Dark, low-ceilinged, and dingy, it was not a place Sabina would ever have gone into had she not been invited there. It seemed uniquely designed for men—and men of a certain type. All over the walls were framed photographs of boxers and race car drivers and boxers and more boxers. Lots of old fight posters, too. There were three large televisions anchored near the ceiling in corners of the room. All were muted and each was playing a different sporting event.
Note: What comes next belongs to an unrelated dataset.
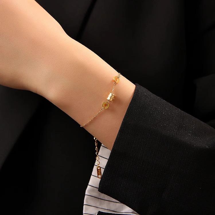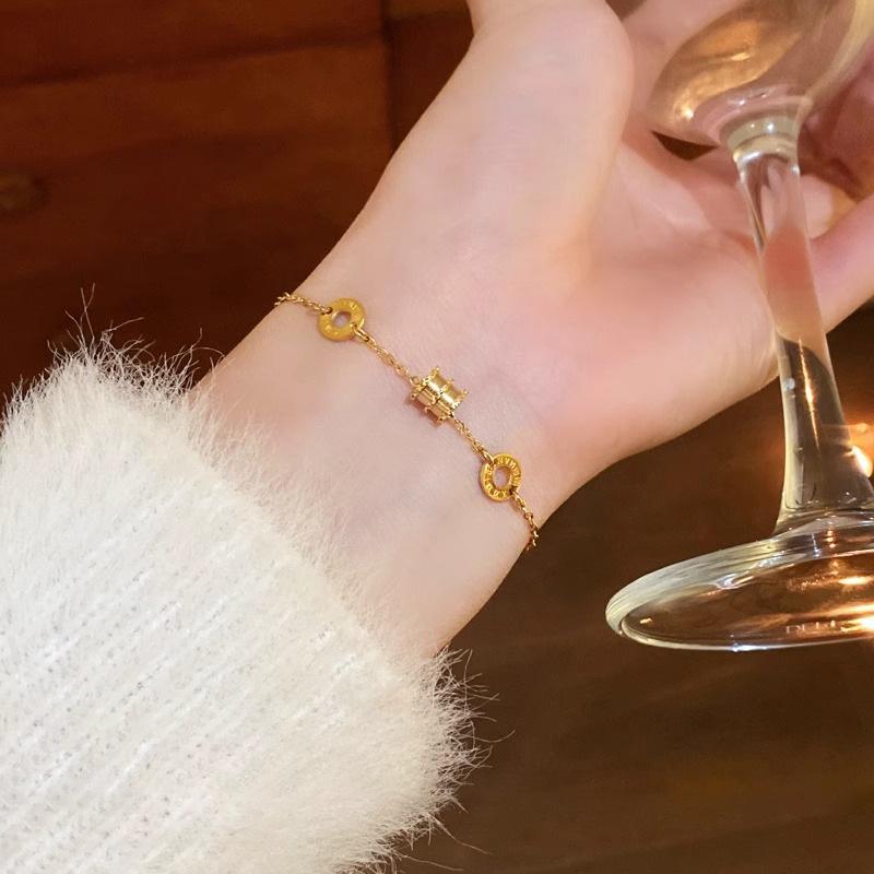 Pulsera de cintura pequeña Dongmen de Corea del Sur 2024 Nuevo nicho de lujo ligero oro 18K retro acero de titanio que no se desvanece
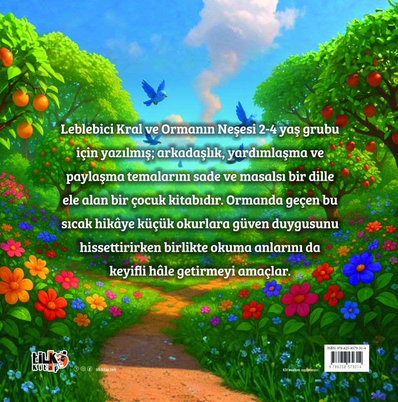 Leblebici Kral ve Ormanın Neşesi 2-4 yaş grubu için yazılmış; arkadaşlık, yardımlaşma ve paylaşma temalarını sade ve masalsı bir dille ele alan bir çocuk kitabıdır. Ormanda geçen bu sıcak hikâye küçük okurlara güven duygusunu hissettirirken birlikte okuma anlarını da keyifli hâle getirmeyi amaçlar.

At this hour on a Sunday, before dusk, there were a few people there, enough to fill about a quarter of the booths and low tables, and three people at the bar. The old jukebox—the kind with the colored liquid bubbling through it—played a song she knew, and she tried to place it. She’d liked it when she was young. By Bon Jovi, maybe? She listened more closely and made out a few lines and thought yes, that was Bon Jovi. The song had been popular the summer she’d been brought to the States to live with Tia Valeria. She’d been eight years old. Mother Mary, she hadn’t thought of music like this in forever. Or anything else about those years.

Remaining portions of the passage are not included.